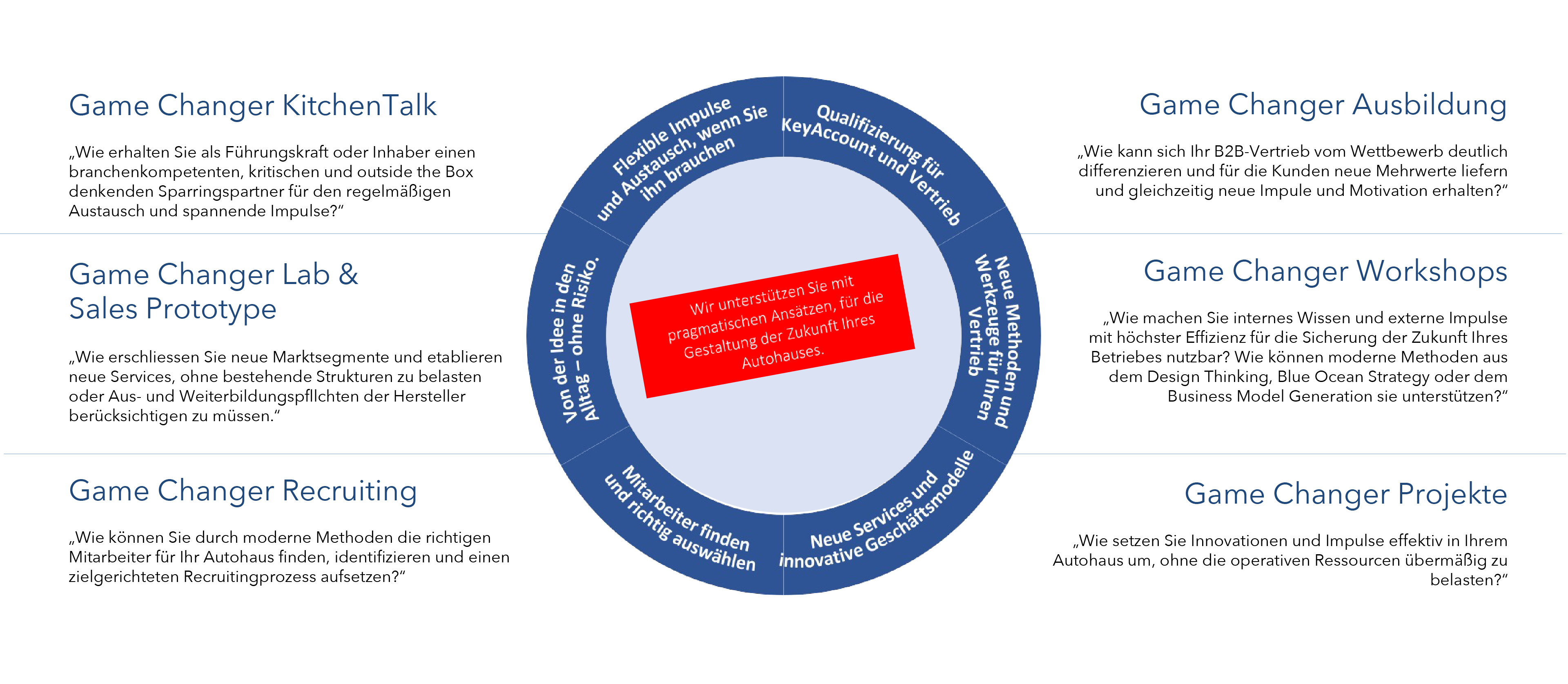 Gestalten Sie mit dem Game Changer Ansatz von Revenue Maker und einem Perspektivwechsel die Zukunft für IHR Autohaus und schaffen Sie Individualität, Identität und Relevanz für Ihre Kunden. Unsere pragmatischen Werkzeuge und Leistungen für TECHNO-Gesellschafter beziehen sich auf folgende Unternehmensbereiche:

──────

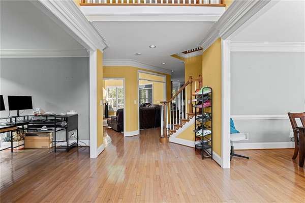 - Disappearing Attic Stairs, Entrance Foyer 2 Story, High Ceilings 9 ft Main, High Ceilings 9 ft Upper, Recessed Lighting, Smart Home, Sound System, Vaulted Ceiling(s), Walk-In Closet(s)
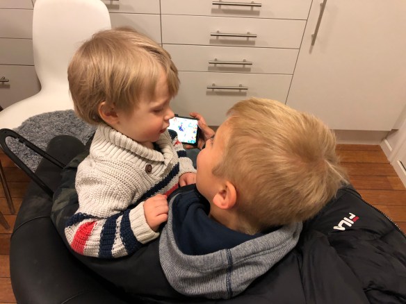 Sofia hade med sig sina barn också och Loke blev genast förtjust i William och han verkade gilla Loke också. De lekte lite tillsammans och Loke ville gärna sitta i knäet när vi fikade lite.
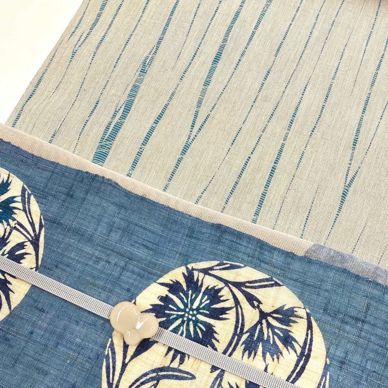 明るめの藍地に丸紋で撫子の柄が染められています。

──────

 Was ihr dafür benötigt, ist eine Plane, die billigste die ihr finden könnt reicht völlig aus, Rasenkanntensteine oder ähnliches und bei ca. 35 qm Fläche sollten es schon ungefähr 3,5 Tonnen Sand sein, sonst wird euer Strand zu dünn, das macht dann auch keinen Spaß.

──────

### Your assignment
Take the material above from the line bearing "Sofia hade med" through the line bearing "明るめの藍地に丸紋で撫子の柄が染められています。" and write it out exactly, both end lines included. Pictures stay out.

### Exercise result
 Sofia hade med sig sina barn också och Loke blev genast förtjust i William och han verkade gilla Loke också. De lekte lite tillsammans och Loke ville gärna sitta i knäet när vi fikade lite.
 明るめの藍地に丸紋で撫子の柄が染められています。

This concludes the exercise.